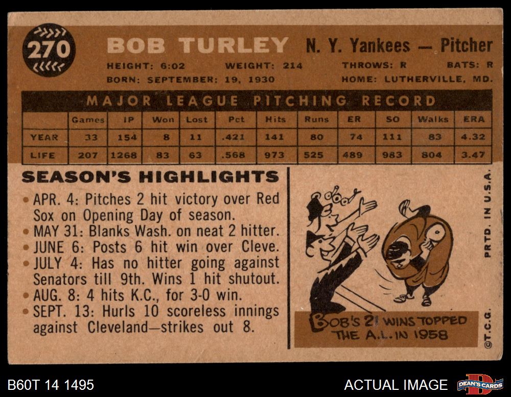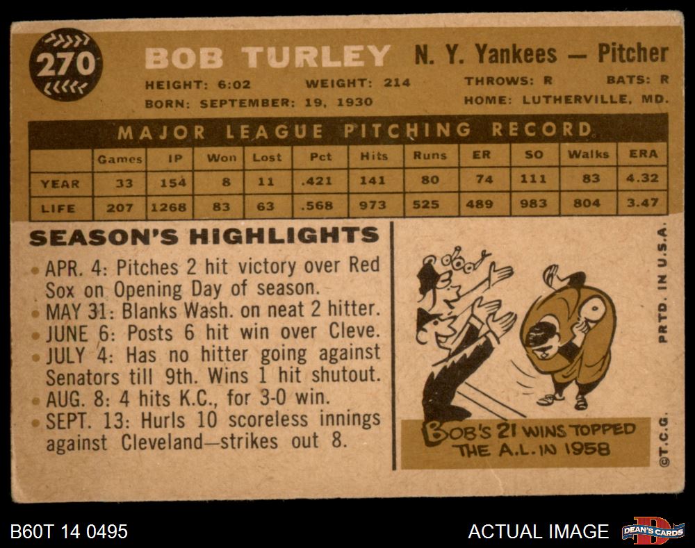 1960 Topps #270 Bob Turley 2 - GOOD
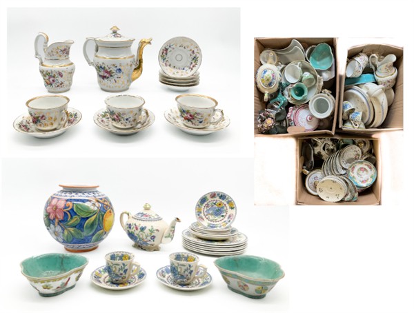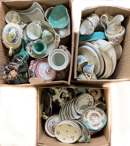 Tre cartoni contenenti numerose ceramiche e porcellane di diversi usi ed epoche (difetti)
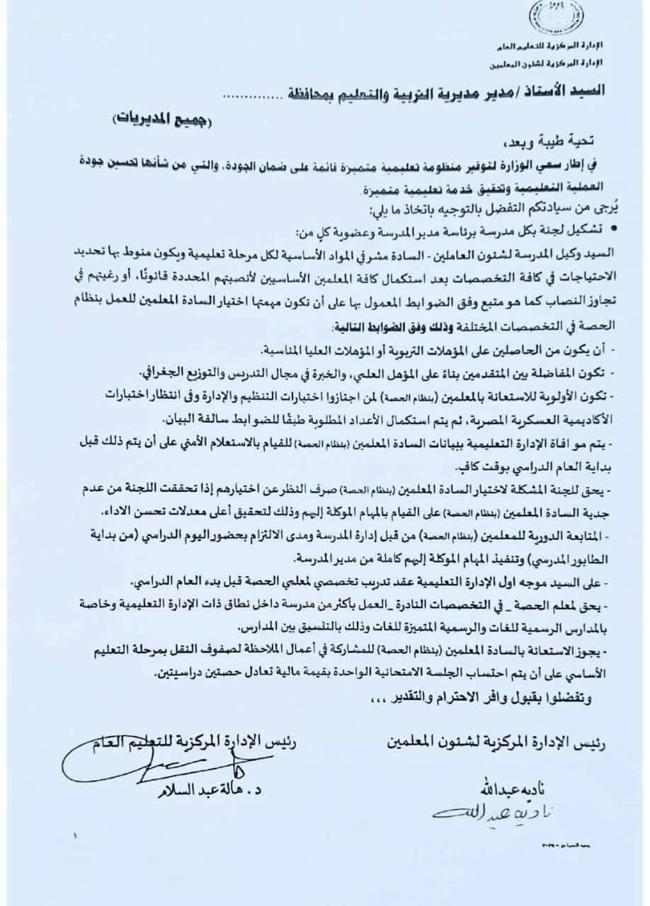 3. تكون الأولوية للاستعانة بالمعلمين بنظام الحصة) لمن اجتازوا اختبارات التنظيم والإدارة وفي انتظار اختبارات الأكاديمية العسكرية المصرية، ثم يتم استكمال الأعداد المطلوبة طبقا للضوابط سالفة البيان.
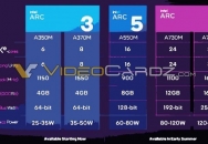 北京时间 3 月 30 日消息,英特尔将推出 5 款 Arc 移动端显卡:A770M、A730M、A550M、A370M 和 A350M。现在 videocardz 拿到一份资料,证实了英特尔独显的一些参数。小编了解到,英特尔 PPT 表明 Arc 3 系列将从明天开售,而 Arc 5 和 Arc
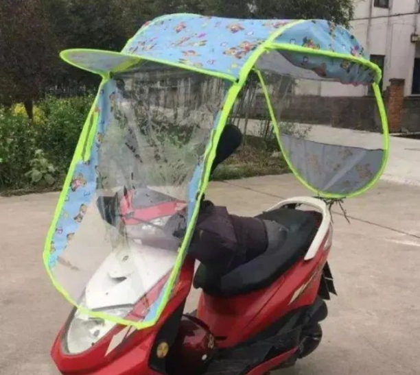 在电动车上加个车篷或遮阳伞虽然遮阳又挡雨,但也会挡住视线,而且还会增加车子的风阻,大风天气里车子容易失去平衡,一不小心就可能出事故。
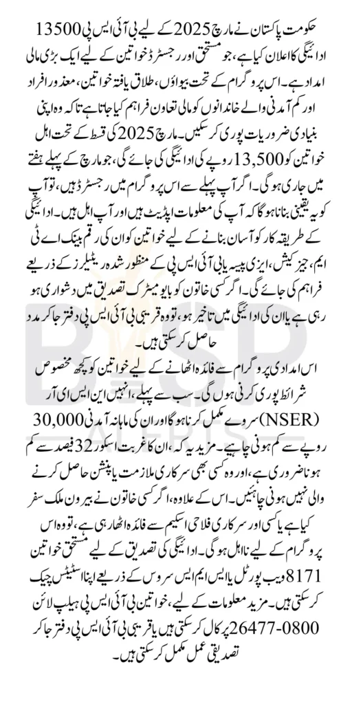 The Government of Pakistan has confirmed that the BISP 13500 payment will be distributed in March 2025 to all registered and eligible women. The installment aims to provide financial relief to those facing economic hardship.
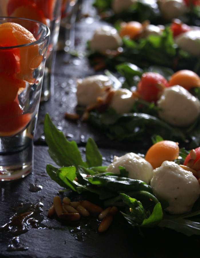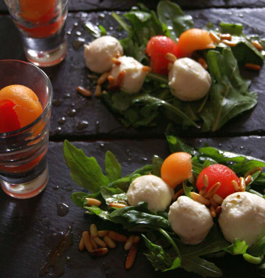 Den Frischkäse cremig rühren, ev. mit Milch auffüllen, damit das gut gelingt. Den Frischkäse nun portionieren mit Löffeln oder in der Hand rollen), in Gläser geben, Melonenspieße darauf legen und mit Pinienkernen bestreuen.
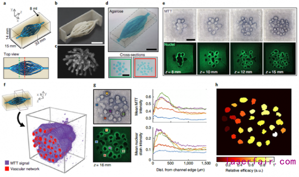 該團隊同樣通過燒結技術構建樹突狀血管網支架並包埋於(yu) 2%瓊脂糖膠中,並驗證了該結構的通道流動性(圖6a – 圖6d)。然後,將該支架包埋於(yu) 載HepG2細胞的水凝膠中,觀察到3天後樹突狀網絡周圍細胞代謝活性增強(圖6e)。該團隊進一步開發了一個(ge) 圖像處理工作流程,將整個(ge) 凝膠的代謝活動進行可視化,並發現樹突狀血管網存在灌注不充分的區域。其可能原因是該區域上遊管道本身灌注不足導致的(圖6f – 圖6h)。

● ● ● ●

Each entry should be output word for word, with no pictures carried over.

 1960 Topps #270 Bob Turley 2 - GOOD
 Tre cartoni contenenti numerose ceramiche e porcellane di diversi usi ed epoche (difetti)
 3. تكون الأولوية للاستعانة بالمعلمين بنظام الحصة) لمن اجتازوا اختبارات التنظيم والإدارة وفي انتظار اختبارات الأكاديمية العسكرية المصرية، ثم يتم استكمال الأعداد المطلوبة طبقا للضوابط سالفة البيان.
 北京时间 3 月 30 日消息,英特尔将推出 5 款 Arc 移动端显卡:A770M、A730M、A550M、A370M 和 A350M。现在 videocardz 拿到一份资料,证实了英特尔独显的一些参数。小编了解到,英特尔 PPT 表明 Arc 3 系列将从明天开售,而 Arc 5 和 Arc
 在电动车上加个车篷或遮阳伞虽然遮阳又挡雨,但也会挡住视线,而且还会增加车子的风阻,大风天气里车子容易失去平衡,一不小心就可能出事故。
 The Government of Pakistan has confirmed that the BISP 13500 payment will be distributed in March 2025 to all registered and eligible women. The installment aims to provide financial relief to those facing economic hardship.
 Den Frischkäse cremig rühren, ev. mit Milch auffüllen, damit das gut gelingt. Den Frischkäse nun portionieren mit Löffeln oder in der Hand rollen), in Gläser geben, Melonenspieße darauf legen und mit Pinienkernen bestreuen.
 該團隊同樣通過燒結技術構建樹突狀血管網支架並包埋於(yu) 2%瓊脂糖膠中,並驗證了該結構的通道流動性(圖6a – 圖6d)。然後,將該支架包埋於(yu) 載HepG2細胞的水凝膠中,觀察到3天後樹突狀網絡周圍細胞代謝活性增強(圖6e)。該團隊進一步開發了一個(ge) 圖像處理工作流程,將整個(ge) 凝膠的代謝活動進行可視化,並發現樹突狀血管網存在灌注不充分的區域。其可能原因是該區域上遊管道本身灌注不足導致的(圖6f – 圖6h)。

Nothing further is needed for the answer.